[[ Working data open ]]

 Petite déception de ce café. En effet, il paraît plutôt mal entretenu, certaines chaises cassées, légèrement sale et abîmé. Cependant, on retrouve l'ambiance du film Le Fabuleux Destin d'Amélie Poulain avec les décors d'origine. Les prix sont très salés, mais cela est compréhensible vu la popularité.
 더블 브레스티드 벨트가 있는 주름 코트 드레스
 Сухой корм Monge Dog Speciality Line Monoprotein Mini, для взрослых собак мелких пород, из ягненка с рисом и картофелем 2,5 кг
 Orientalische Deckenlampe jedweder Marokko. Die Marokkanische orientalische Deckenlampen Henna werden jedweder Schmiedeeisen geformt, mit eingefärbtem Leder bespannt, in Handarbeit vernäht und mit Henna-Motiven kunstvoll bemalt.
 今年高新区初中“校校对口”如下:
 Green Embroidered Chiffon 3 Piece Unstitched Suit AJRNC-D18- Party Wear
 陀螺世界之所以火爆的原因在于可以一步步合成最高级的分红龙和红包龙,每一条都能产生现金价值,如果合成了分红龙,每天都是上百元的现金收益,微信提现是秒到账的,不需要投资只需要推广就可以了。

[[ Working data closed ]]
[[ Working data open ]]

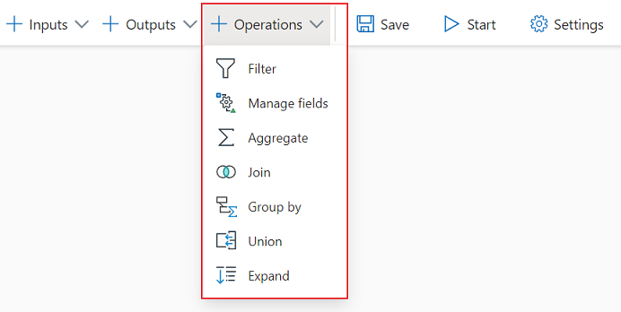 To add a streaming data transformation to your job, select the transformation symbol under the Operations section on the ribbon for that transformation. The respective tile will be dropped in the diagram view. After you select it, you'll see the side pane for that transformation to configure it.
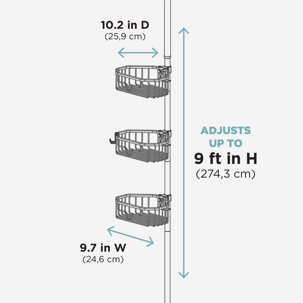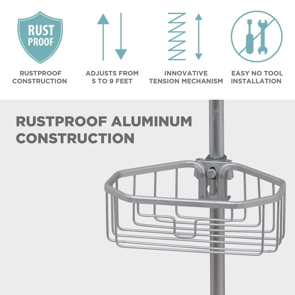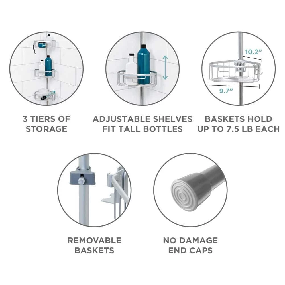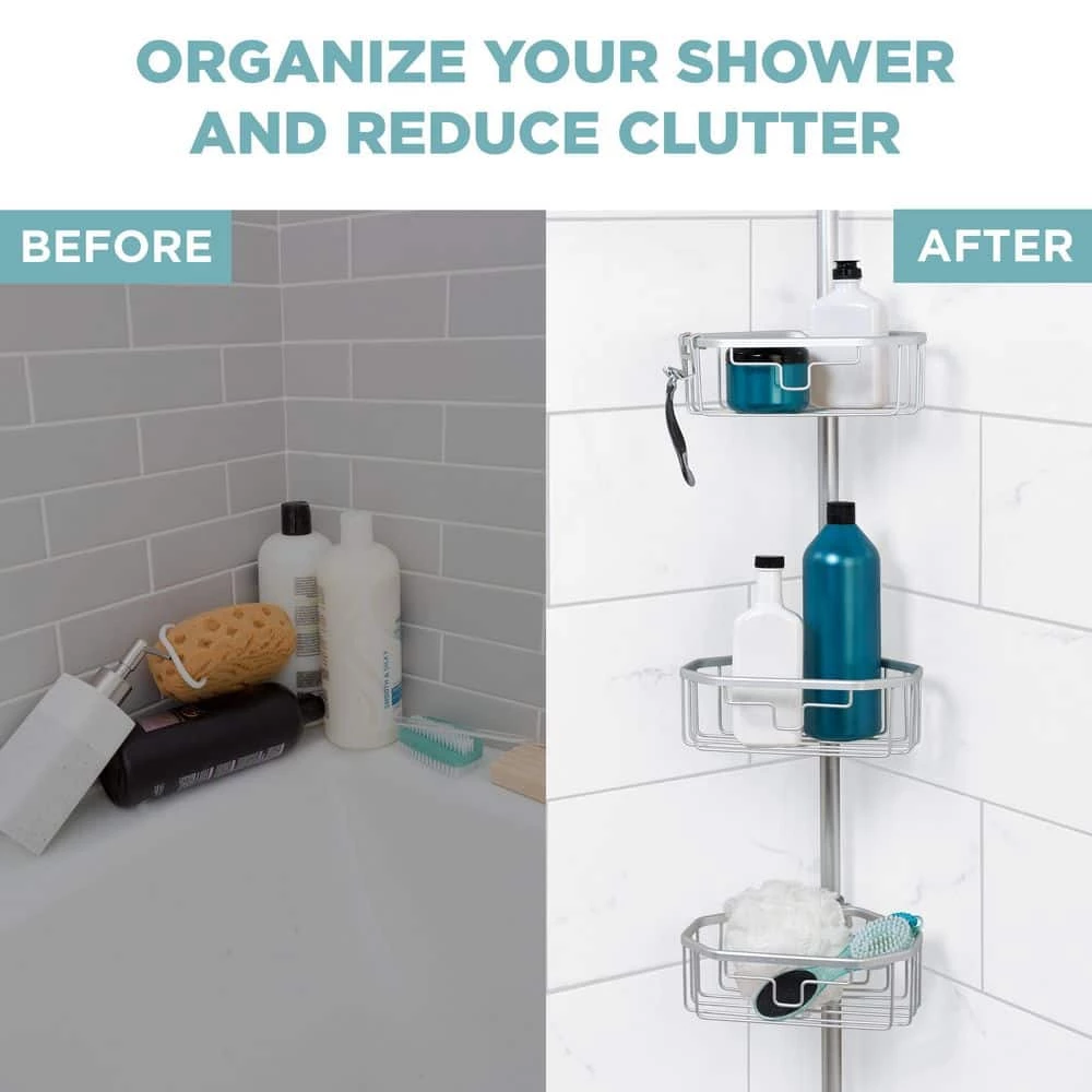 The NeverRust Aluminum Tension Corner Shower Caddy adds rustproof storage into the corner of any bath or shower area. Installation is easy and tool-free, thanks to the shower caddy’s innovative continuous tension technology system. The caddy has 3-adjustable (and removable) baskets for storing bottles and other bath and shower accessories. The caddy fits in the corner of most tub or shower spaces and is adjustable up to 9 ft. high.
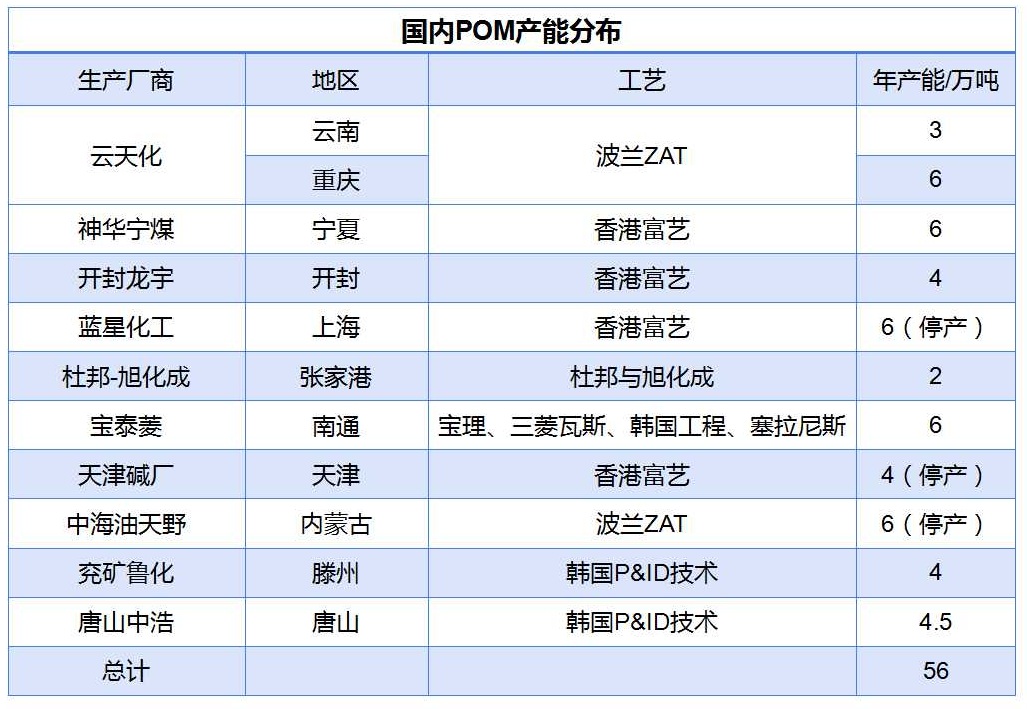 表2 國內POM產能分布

[[ Working data closed ]]
[[ Working data open ]]

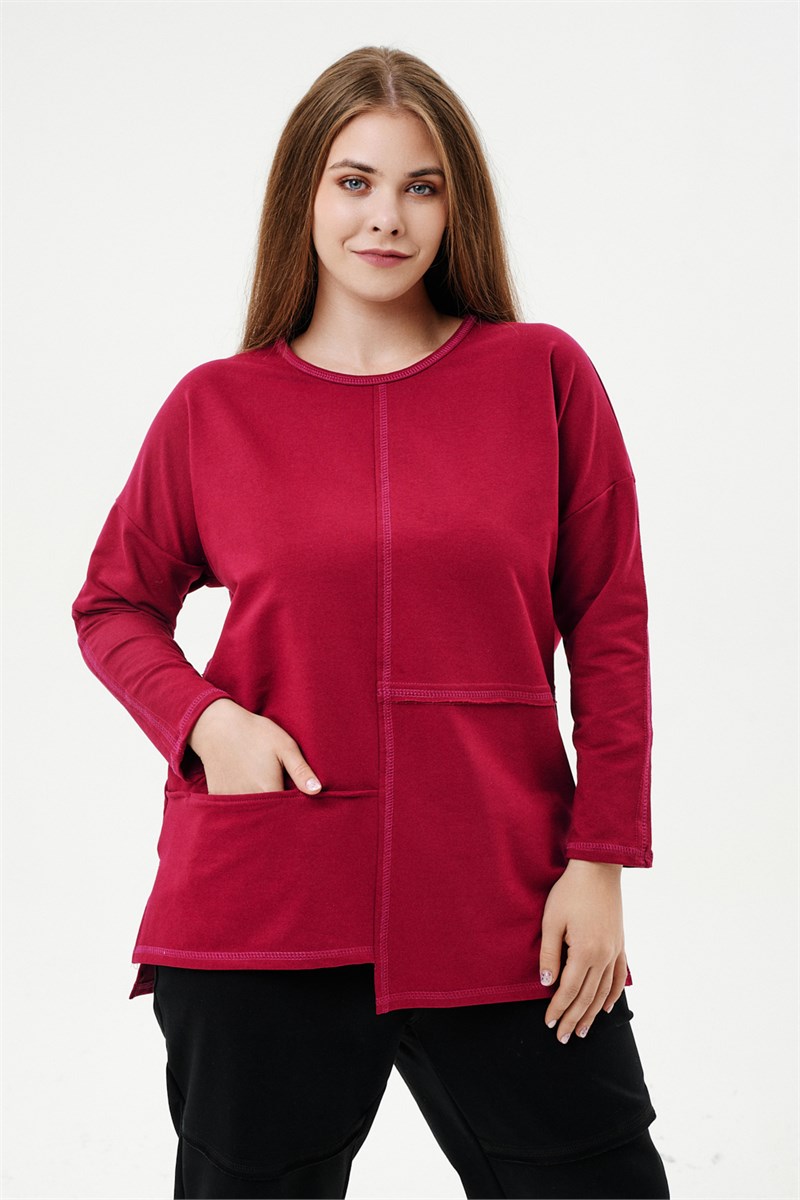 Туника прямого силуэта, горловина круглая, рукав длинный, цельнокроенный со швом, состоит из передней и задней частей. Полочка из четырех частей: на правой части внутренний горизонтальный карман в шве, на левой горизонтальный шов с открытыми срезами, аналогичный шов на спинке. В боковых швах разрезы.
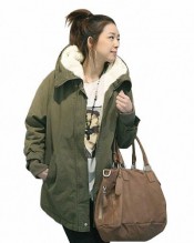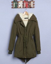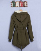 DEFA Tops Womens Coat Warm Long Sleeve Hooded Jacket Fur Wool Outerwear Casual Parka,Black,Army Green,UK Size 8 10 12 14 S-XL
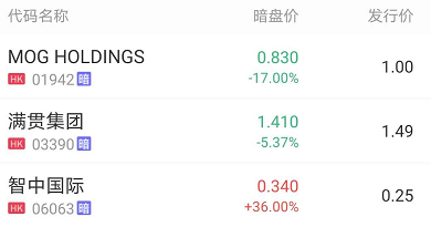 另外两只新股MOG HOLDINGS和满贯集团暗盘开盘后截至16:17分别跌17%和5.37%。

[[ Working data closed ]]

• **Problem to solve**
Given the records above, return exactly the lines starting at the line containing "더블 브레스티드 벨트가 있는 주름 코트 드레스" and ending at the line containing "陀螺世界之所以火爆的原因在于", including both.

• **Response to this exercise**
 더블 브레스티드 벨트가 있는 주름 코트 드레스
 Сухой корм Monge Dog Speciality Line Monoprotein Mini, для взрослых собак мелких пород, из ягненка с рисом и картофелем 2,5 кг
 Orientalische Deckenlampe jedweder Marokko. Die Marokkanische orientalische Deckenlampen Henna werden jedweder Schmiedeeisen geformt, mit eingefärbtem Leder bespannt, in Handarbeit vernäht und mit Henna-Motiven kunstvoll bemalt.
 今年高新区初中“校校对口”如下:
 Green Embroidered Chiffon 3 Piece Unstitched Suit AJRNC-D18- Party Wear
 陀螺世界之所以火爆的原因在于可以一步步合成最高级的分红龙和红包龙,每一条都能产生现金价值,如果合成了分红龙,每天都是上百元的现金收益,微信提现是秒到账的,不需要投资只需要推广就可以了。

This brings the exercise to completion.